Antologi Sebagai Batu Loncatan

(Dokpri Cover Buku Goes to Yogya karya siswa MTs YKUI Maskumambang Gresik)

Sekolah adalah tempat belajar yang lekat dengan teori dan praktek. Adapun kecakapan literasi menjadi modal utama untuk menyelami teori, mengkonstruksi pengetahuan dan mentransmisikan pemahaman menjadi aksi. Bahkan produktivitas dalam menunaikan tugas sekolah mayoritas mengandalkan kecakapan literasi. 

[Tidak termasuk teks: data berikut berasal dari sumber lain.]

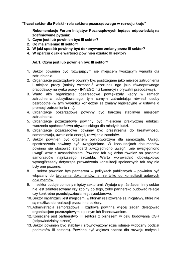 "Trzeci sektor dla Polski - rola sektora pozarządowego w rozwoju kraju" 1. 2. 3. 4. Rekomendacje Forum Inicjatyw Pozarządowych będące odpowiedzią na zdefiniowane pytania: Czym jest lub powinien być III sektor? Co ma zmieniać III sektor? W jaki sposób powinny być dokonywane zmiany przez III sektor? W oparciu o jakie wartości powinien działać III sektor? Ad.1. Czym jest lub powinien być III sektor? 1. Sektor powinien być rozwijającym się miejscem tworzącym warunki dla zatrudnienia. 2. Organizacje pozarządowe powinny być postrzegane jako miejsce zatrudnienia i miejsce pracy (należy wzmocnić wizerunek ngo jako równoprawnego pracodawcy na rynku pracy - INNEGO niż komercyjni prywatni pracodawcy). 3. Warto aby organizacje pozarządowe powiększały kadry w ramach zatrudnienia subsydiowanego, tym samym zatrudniając również osoby bezrobotne (w tym wypadku konieczne są zmiany legislacyjne w ustawie o promocji zatrudnienia (…). 4. Organizacje pozarządowe powinny być bardziej stabilnym miejscem zatrudnienia. 5. Organizacje pozarządowe powinny być miejscem praktycznej edukacji tworzenia społeczeństwa obywatelskiego dla młodych ludzi. 6. Organizacje pozarządowe powinny być przestrzenią do kreatywności, samorozwoju, uwalniania energii, rozwijania zasobów. 7. Sektor powinien być organem opiniotwórczym dla samorządu. Uwagi, spostrzeżenia powinny być uwzględniane. W konsultacjach dokumentów powinno się stosować standard „uwzględniono uwagi”, „nie uwzględniono uwagi” wraz z uzasadnieniem. Powinno tak się dziać również na poziomie samorządów najniższego szczebla. Warto wprowadzić obowiązkowo wymogi/zasady dotyczące prowadzenia konsultacji społecznych tak aby nie były one pozorne. 8. III sektor powinien być partnerem w politykach publicznych – powinien być włączany do tworzenia dokumentów, a nie tylko do konsultacji gotowych dokumentów. 9. III sektor buduje pomosty między sektorami. Wydaje się , że żaden inny sektor nie jest zainteresowany czy zdolny do tego, żeby partnersko budować relacje czy konkretne przedsięwzięcia międzysektorowe. 10. Sektor organizacji jest miejscem, w którym realizowane są inicjatywy, które nie są możliwe do realizacji przez inne sektory. 11. Administracja samorządowa i rządowa powinna więcej zadań delegować organizacjom pozarządowym z pełnym ich finansowaniem. 12. Konieczne jest partnerstwo III sektora z biznesem w celu budowania CSR (odpowiedzialny biznes). 13. Sektor powinien być stabilny i zrównoważony (dziś istnieje widoczny podział podmiotów III sektora). Powinna być większa szansa dla rozwoju małych i młodych organizacji. Konieczne jest wprowadzenie mechanizmów zapewnienia równości i możliwości pozyskiwania środków dla małych organizacji (to już częściowo działa przez regranting PAWF i w tym roku FIO), Ad. 2 Co ma zmieniać III sektor? Sektor pozarządowy powinien: 1. rozwijać edukację obywatelską – kreować aktywne wspólnoty lokalne w praktyce; 2. zdecydowanie mocniej współpracować ze szkołami (potrzebne jest wprowadzenie do szkół podstawowych programów budujących współpracę); 3. uczyć pracy zespołowej poprzez praktyczne działanie; 4. przestawiać sposób myślenia Polaków z „jest źle na jest dobrze”; 5. uczyć odpowiedzialności; 6. budować więzi, relacje, poczucie wspólnoty – patriotyzm lokalny; 7. uczyć tolerancji, szacunku i zrozumienia; 8. brać udział (realny) w ustanawianiu prawa. Ważne aby w procesie jego stanowienia brały udział różne organizacje (różne stażem czy wielkością). 9. być recenzentem władz samorządowych. Organizacje powinny monitorować działania i skuteczność administracji publicznej. 10. kreować rozwiązania dotyczące polityki publicznej (strategie, decyzje bieżące, plany). 11. kreować nową jakość. Sektor powinien ją definiować i promować. 12. koniecznie prowadzić edukację obywatelską w praktyce (praktyki, staże, ale również wolontariat, szkolenia i wszelkie formy współpracy np. ze szkołami w zakresie edukacji obywatelskiej) Ad.3. W jaki sposób powinny być dokonywane zmiany przez III sektor? 1. Sektor powinien znacznie aktywniej zbierać potrzeby i pomysły od swoich beneficjentów, celem ich przedstawiania Jednostkom Samorządu Terytorialnego. Dziś nierzadko ów kontakt kończy się na etapie tworzenia organizacji. 2. Należy aktywnie zmieniać myślenie z MY – „III sektor” i ONI „sektor administracji” – na rzecz wspólnej odpowiedzialności za odbiorców i przestrzeń aktywności. 3. Wyzwaniem jest prowadzenie rzeczywistego dialogu obywatelskiego – celem rozwiązywania problemów, a nie prowadzenia rozmowy dla samej rozmowy między sektorowej. 4. Konieczna jest większa i systemowa współpraca samego środowiska NGO na rzecz rozwiązywania lokalnych problemów. 5. Należy mocniej zadbać o włączanie osób aktywnych do istniejących organizacji. 6. Istnieje potrzeba jednoczenia się do realizacji konkretnych zadań środowisk lokalnych NGO z mieszkańcami i instytucjami. 7. Organizację muszą mocniej dbać o działalność misyjną oraz o swój zespół (organizacja to nie tylko lider!). 8. Istnieje konieczność tworzenia warunków dla rozwoju grup nieformalnych (niekoniecznie ich aktywność musi się wiązać z rejestracją w Krajowym Rejestrze Sądowym). 9. Należy w większym stopniu wykorzystywać aktualnie dostępne narzędzia do prowadzenia działań i realizacji celów. 10. Warto rozważyć użyczanie tożsamości przez zarejestrowane organizacje dla nieformalnych grup. 11. Organizacje powinny mieć większy wpływ systemowy na działania realizowane we współpracy z państwem i samorządami. 12. Konieczne jest ułatwienie finansowania dla podmiotów (min. zmiana 1% tak, aby nie był konsumowany jedynie przez duże czy korporacyjne organizacje). Ad.4 W oparciu o jakie wartości powinien działać III sektor? Wartości obywatelskie (k

Meski begitu tidak sedikit dari kalangan pembelajar yang memahami kecakapan literasi sekadar berorientasi menggugurkan tugas akhir sekolah semata-mata. Tidak memandang kecakapan literasi sebagai soft skill, passion atau bahkan kesadaran interpersonal sebagai hayyawan al-natiq seorang hamba. Lantas tak heran jika kemudian hasrat belajar dan kemampuan literasi seseorang semakin bebal bahkan tumpul seiring tertanggalnya status pembelajar setelah lulus dari lembaga pendidikan tertentu. 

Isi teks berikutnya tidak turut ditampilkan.